Austrian drag queen, DJ, fashion designer, presenter

Tamara Mascara is the stage name of Raphael Massaro (born 15 November 1987), is an Austrian DJ, fashion designer, presenter and one of the best-known Austrian drag queens.

== Early life ==
Tamara Mascara grew up in Vienna, Austria. At an early age, she took ballet training at the Vienna State Opera. Later she graduated from a fashion school at the Schloss Hetzendorf.

==Career==
Her career as a DJ started at the legendary Heaven Vienna, the longest running House music clubbing in Vienna. Since 2011 she is co-founder, co-organizer and artistic director for The Circus, the biggest LGBT-party in Austria.

At the 59th Eurovision Song Contest in Copenhagen, Mascara was the Make-up artist for Conchita Wurst representing Austria who won the competition. She also was part of the Austrian postcard, a recording that introduces each country before their performances.

Beginning in the end of 2016, Mascara started a YouTube channel, themed mostly around Cosmetics and Drag. In 2018, she launched her own eyelash collection.

As a testimonial for an open and LGBT-friendly Vienna she often collaborates with the Vienna Tourist Board, and visits cities and Christopher Street Days around the world, like in Tokyo or Rome.

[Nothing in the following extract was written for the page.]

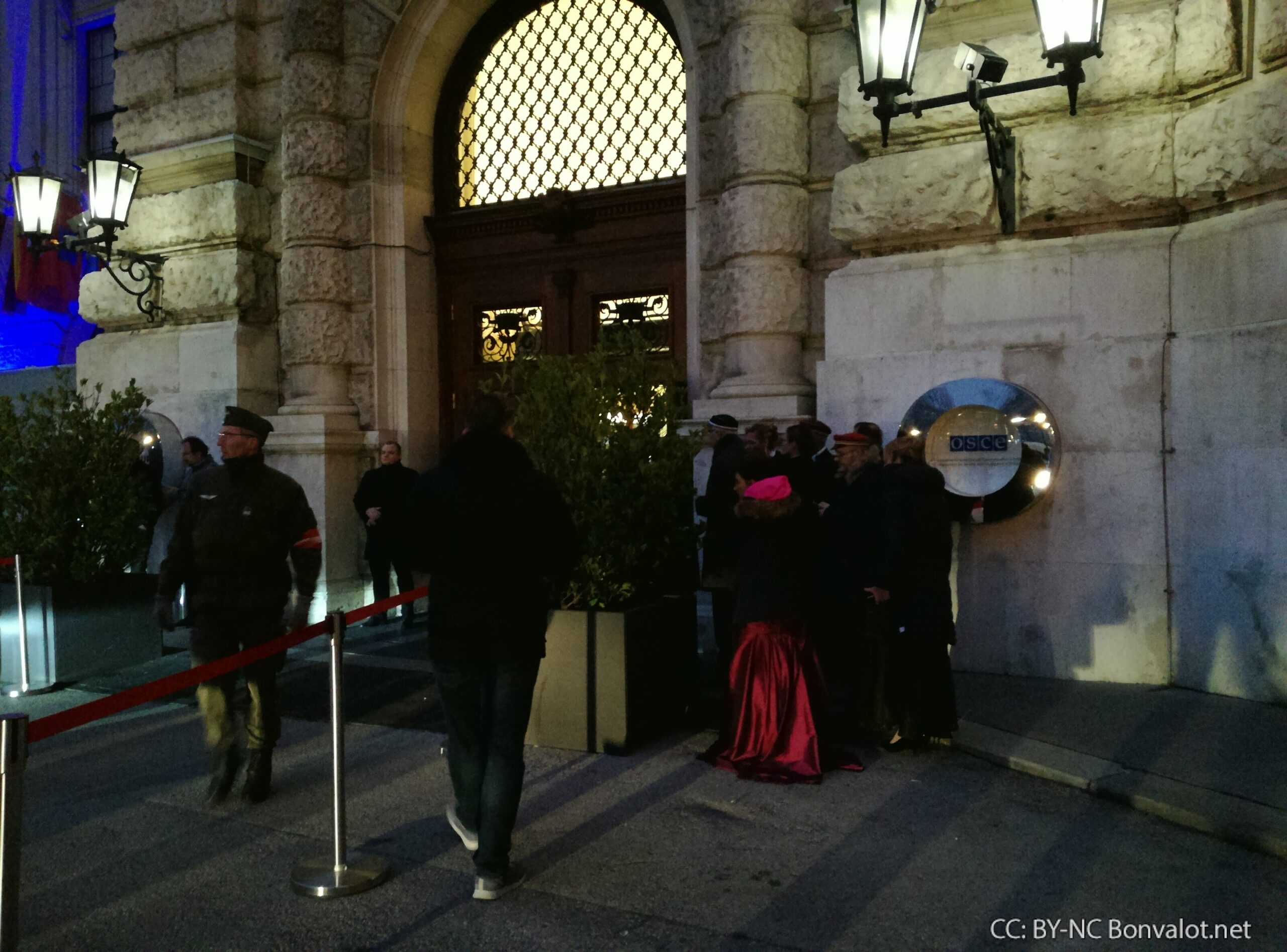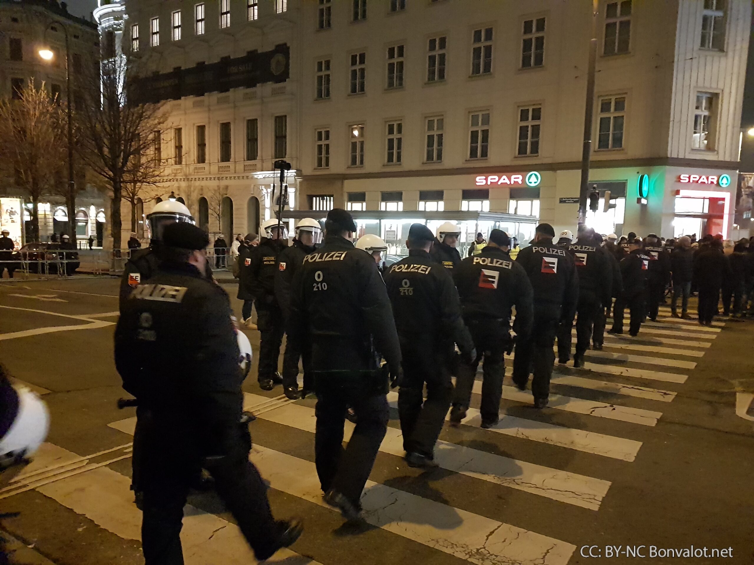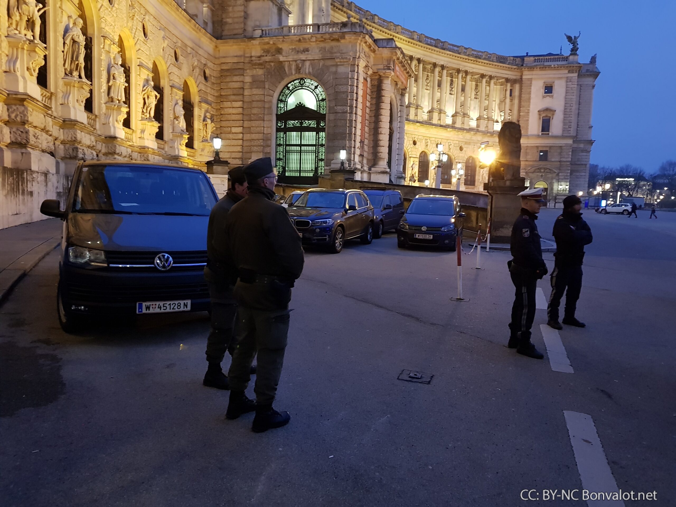 Ebenfalls auffällig war, dass auch Soldaten vor der Hofburg stationiert worden waren. Diese waren dort offiziell zur Bewachung der „Organisation für Sicherheit und Zusammenarbeit in Europa (OSZE) abgestellt, doch auf meine Nachfrage erklärten sie, dass sie „heute für beides“ zuständig sein. Damit verschwimmen die Grenzen zwischen Polizei und Bundesheer immer mehr, wie ich auch kürzlich in einem Artikel für VICE ausführlich beschrieben habe.

For the Austrian edition of Sprite's Stay Fresh commercial, an international campaign against mobbing and hate on the Internet, Mascara is the lead representative. The company supports the Austrian telephone counselling for children (Rat auf Draht) and other social projects.

In 2018, she played Madame Oh in Mara Mattuschka's queer drama film Phaidros.

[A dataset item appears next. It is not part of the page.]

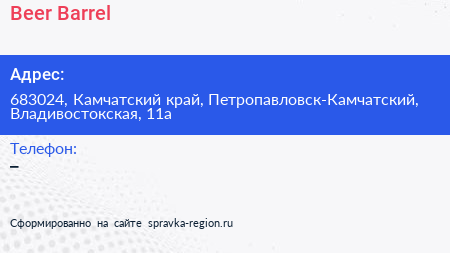 Beer Barrel по адресу 683024, Камчатский край, Петропавловск-Камчатский, Владивостокская, 11а в дальнейшем Организация, размещена в следующих категориях: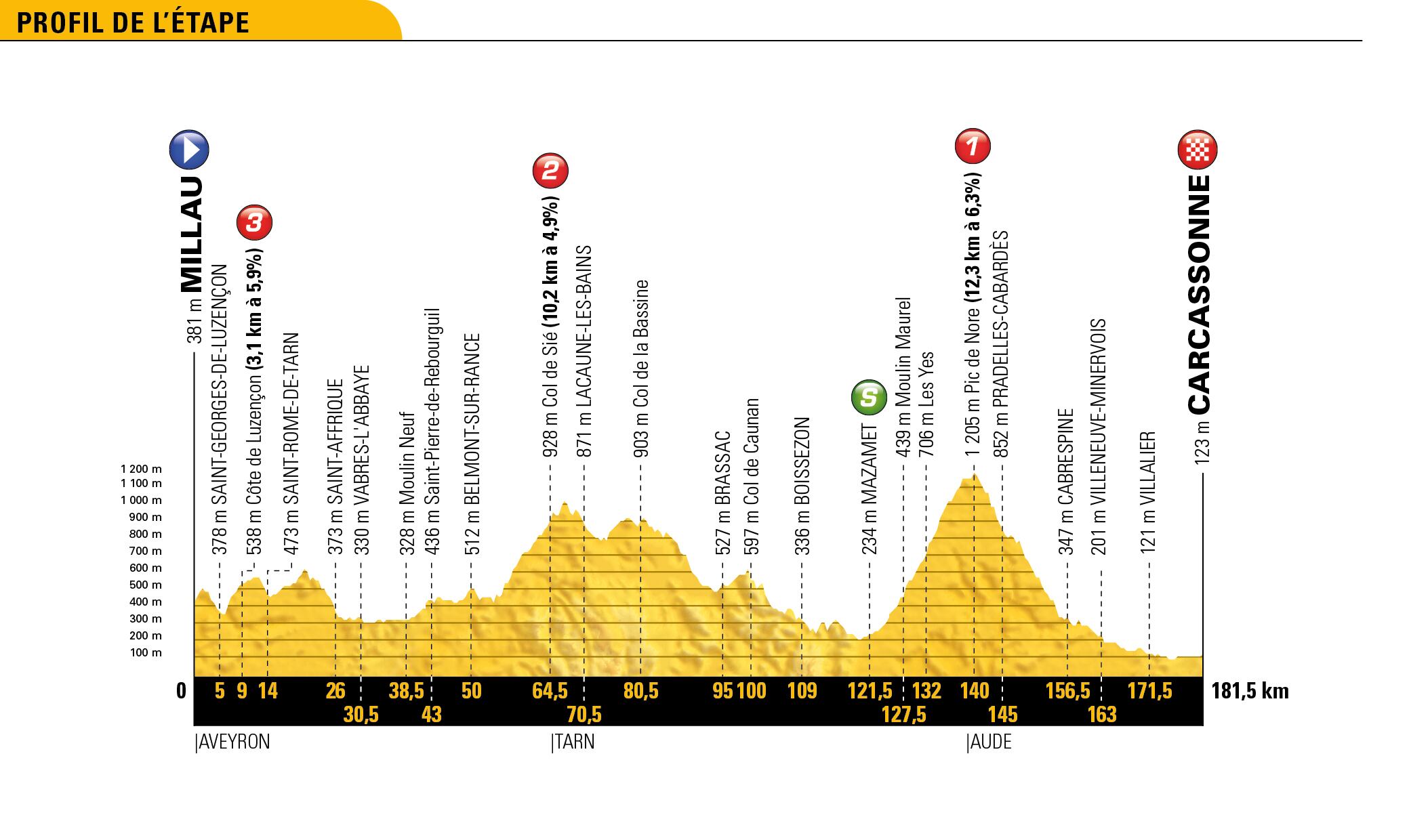 Antes del segundo descanso y los Pirineos, el Tour tocará brevemente el Macizo Central con una llegada muy habitual en Mende (segunda categoría), el sábado 21, y visitará también una subida occitana lejana a la cordillera principal pero muy interesante: el Pic de Nore (primera categoría), el domingo 22.

Mascara hosts different events, like Balls, LGBT parties or the annual drag competition for Miss Pride during Vienna Pride. She also co-hosted the After Show Talk Programme to the Eurovision Song Contest 2019 on ORF, the Austrian public service broadcaster.

She was also candidate in the 13th edition of Austria's Dancing Stars show, she was partnered with Dimitar Stefanin. Mascara is, after Courtney Act who took part in the Australian version of the show, only the second drag queen to compete in the BBC Worldwide's international Dancing with the Stars franchise. Despite high scores from the judges, she was eliminated in the second episode.